Computing per sample gradient w.r.t. last layer's parameters

Hi everyone,

I’m trying to implement importance sampling based on into my PyTorch project.

My code:

size = len(dataloader.dataset)
for batch, (X, y) in enumerate(dataloader):
    X, y =,
    pred = model(X)

    # Compute per sample loss
    per_sample_loss_fn = torch.nn.CrossEntropyLoss(reduction='none')
    per_sample_loss = per_sample_loss_fn(pred, y)

    # Compute per sample gradient w.r.t. the last layer
    last_layer_params = model.lin3.parameters()
    per_sample_last_layer_grads = torch.autograd.grad(per_sample_loss, last_layer_params)

    # Compute prediction error
    loss = loss_fn(pred, y)

    # Backpropagation

I am getting the following error when computing the per sample gradients w.r.t. the last layer:

  File "/home/stdmichal/.pycharm_helpers/pydev/_pydev_imps/", line 18, in execfile
    exec(compile(contents+"\n", file, 'exec'), glob, loc)
  File "/tmp/pycharm_project_451/", line 128, in <module>
    idx, scores = train(train_dataloader, model, loss_fn, optimizer)
  File "/tmp/pycharm_project_451/", line 46, in train
    per_sample_last_layer_grads = torch.autograd.grad(per_sample_loss, last_layer_params)
  File "/home/stdmichal/miniconda3/envs/pytorch_env/lib/python3.7/site-packages/torch/autograd/", line 218, in grad
    grad_outputs_ = _make_grads(outputs, grad_outputs_)
  File "/home/stdmichal/miniconda3/envs/pytorch_env/lib/python3.7/site-packages/torch/autograd/", line 50, in _make_grads
    raise RuntimeError("grad can be implicitly created only for scalar outputs")
RuntimeError: grad can be implicitly created only for scalar outputs

I found some similar problems (1, 2) but I am not trying to compute the whole backprop as in 1 nor can I reduce the loss as I need per sample gradients to determine sample’s importance.

What would be the correct way to do this please?


Instead of manually trying to calculate grads, we can add hooks to tap into the grad while doing the backward propagation

loss = torch.nn.MSELoss()
optimizer = optim.Adam(model.parameters(), lr=0.001)

global grad_val
def get_grad(x):
    global grad_val
    grad_val = copy.copy(x)
    return x
model.layer3.weight.register_hook(lambda x: get_grad(x))

for cur_epoch in range(10):
    output = model(X)
    final_loss = loss(output, y)
    print("Cur grad is {0}".format(grad_val))
    print("Epoch {0} Loss is {1}".format(cur_epoch, final_loss.item()))

Thank you very much for your response.

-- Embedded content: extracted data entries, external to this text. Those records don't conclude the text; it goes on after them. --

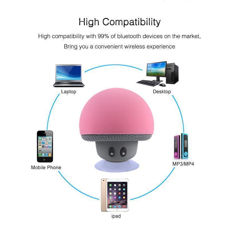 Amp up the volume anywhere you go with our Hirundo® Mini Wireless Shroom Speaker. The wireless speaker is shaped like a tiny mushroom and can stick onto almost any surface with its suction cup bottom. Just connect with Bluetooth to listen to music and answer calls.
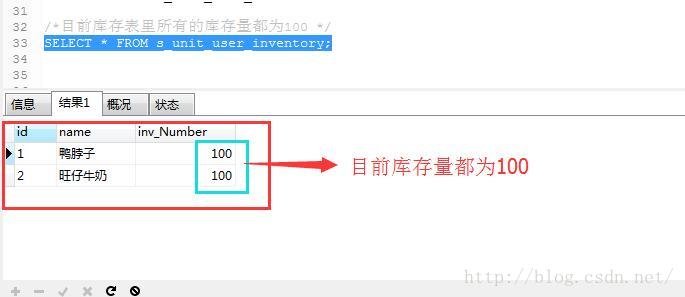 2.7,最后最关健的一部来了,查看我们对应的库存表有没有如期所望,将对应的商品库存减少10条呢
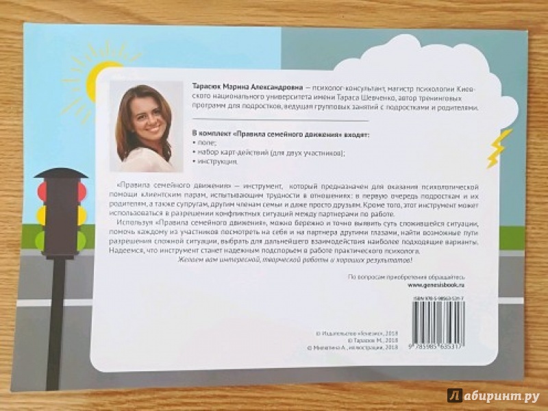 Описание"Правила семейного движения" - инструмент, который предназначен для оказания психологической помощи клиентским парам, испытывающим трудности в отношениях: в первую очередь подросткам и их родителям, а также супругам, другим членам семьи и даже просто друзьям. Кроме того, этот инструмент может использоваться в разрешении конфликтных ситуаций между партнерами по работе.Используя "Правила семейного движения", можно бережно и точно выявить суть сложившейся ситуации, помочь каждому из участников посмотреть на себя и на партнера другими глазами, найти возможные пути разрешения сложной ситуации, выбрать для дальнейшего взаимодействия наиболее подходящие варианты. Надеемся, что инструмент станет надежным подспорьем в работе практического психолога."Правила семейного движения" - инструмент, который предназначен для оказания психологической помощи клиентским парам, испытывающим трудности в отношениях: в первую очередь подросткам и их родителям, а также супругам, другим членам семьи и даже просто друзьям. Кроме того, этот инструмент может использоваться в разрешении конфликтных ситуаций между партнерами по работе.Используя "Правила семейного движения", можно бережно и точно выявить суть сложившейся ситуации, помочь каждому из участников посмотреть на себя и на партнера другими глазами, найти возможные пути разрешения сложной ситуации, выбрать для дальнейшего взаимодействия наиболее подходящие варианты. Надеемся, что инструмент станет надежным подспорьем в работе практического психолога.
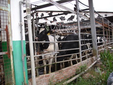 接近傍晚 (相片的效果其實是鏡頭採光的關係,天還沒那麼黑啦) 離開草地,再去看看擠牛奶。
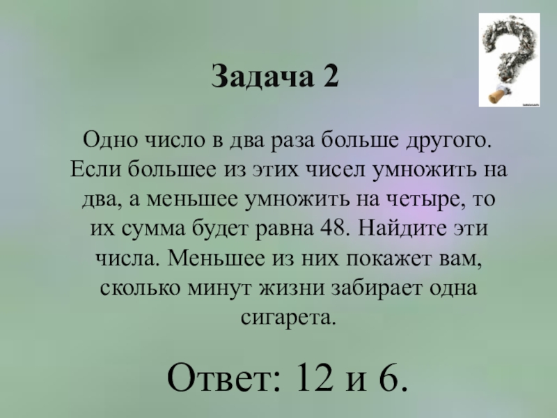 большее из этих чисел умножить на два, а меньшее умножить на четыре, то их сумма будет равна 48. Найдите эти числа. Меньшее из них покажет вам, сколько минут жизни забирает одна сигарета.
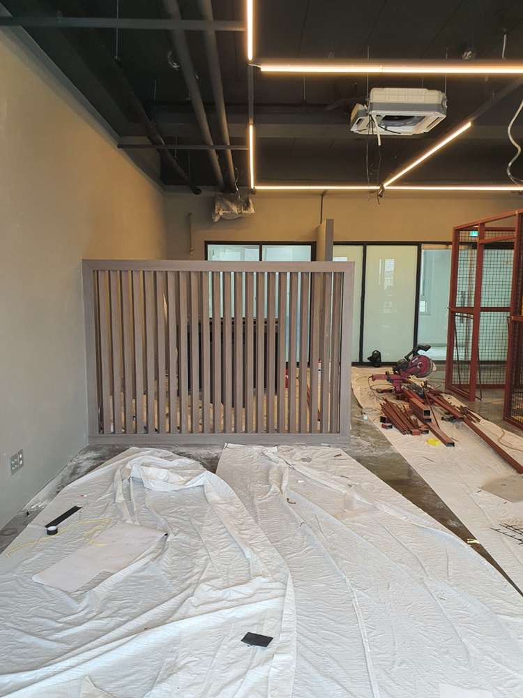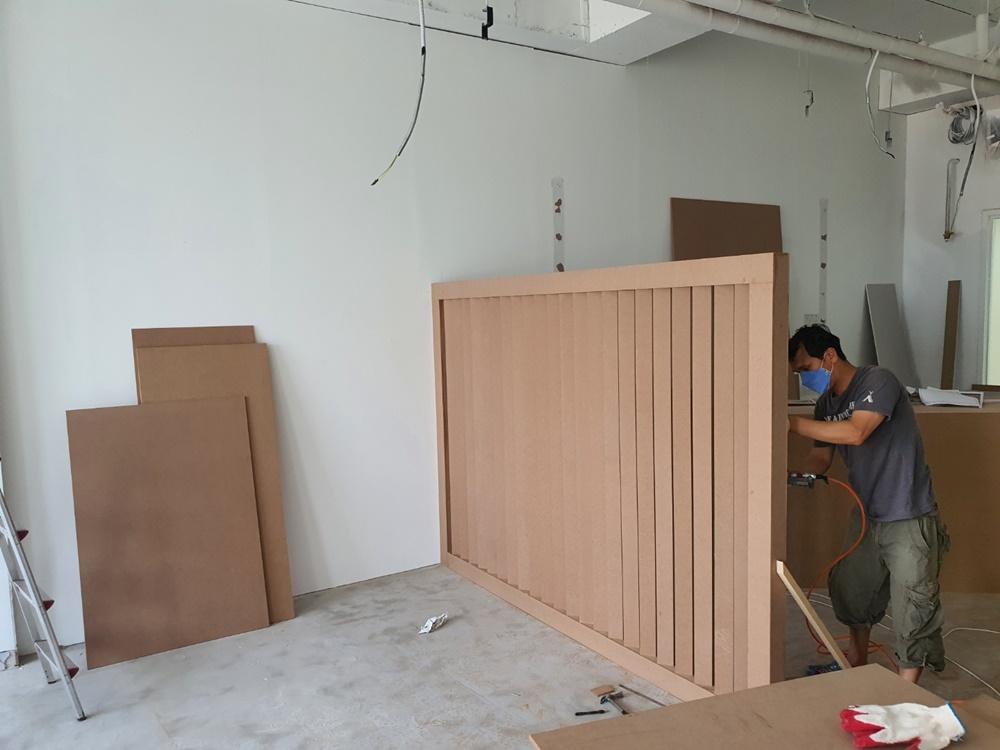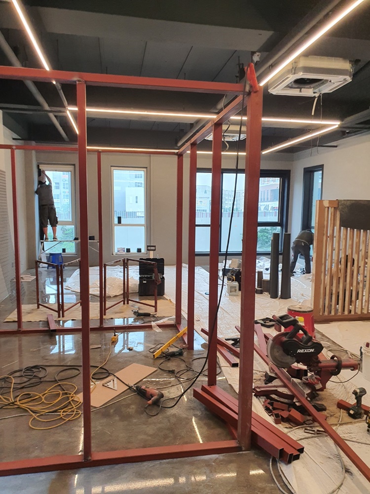 철거작업 및 천장 기본 작업 후에는 목공 작업에 돌입하게 되죠. 목공 작업은 레이아웃을 나누는 구조 작업과 장식을 하는 치장 작업이 있는데 이번 현장은 가벽을 세우는 대신 간살 프레임과 금속망을 세우기로 해 크게 구조작업을 하지는 않았습니다.
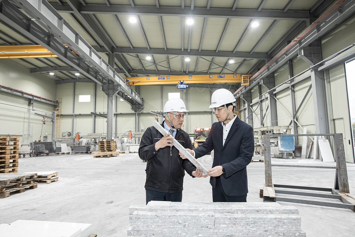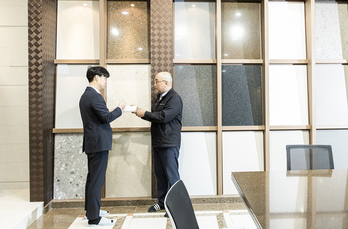 오늘 함께 자리한 KCC건설 건축부 윤도건 과장도 앞으로의 바람을 들려줬다. “건설경기의 침체로 저희 KCC건설뿐 아니라 모든 협력업체들도 함께 힘든 시기를 보냈습니다. 지금 건설 중인 부산 엘마르 스위첸 현장을 비롯해 현재 KCC건설에서 분양하는 주거시설에 대부분 미존테크의 인조석이나 대리석이 들어가는데요, 앞으로도 계속해서 좋은 협력관계를 유지하여 서로 발전하였으면 합니다.”

Sadly, I am not sure this is applicable in my case. In the final implementation, I need to compute the gradient for each sample separately (which could be solved by running with batch size of 1). Furthermore I want to avoid computing the whole back propagation to optimize performance and use just the gradient of the last layer to approximate the gradient norm per sample (as suggested in the paper, the code I posted is just a snippet where I’m trying to test the process).

Is there a way to make PyTorch compute the gradient just for some layers (in my case the only the last layer)?

Expanding upon what @anantguptadbl has stated you can get per-sample gradients via the use of registering forward_pre hooks and full_backward hooks. You can read more here

I managed to implement everything by modifying autograd-hacks package and setting all but the last trainable layer to not require gradient to speed it up. Implementation is working now, thank you everyone!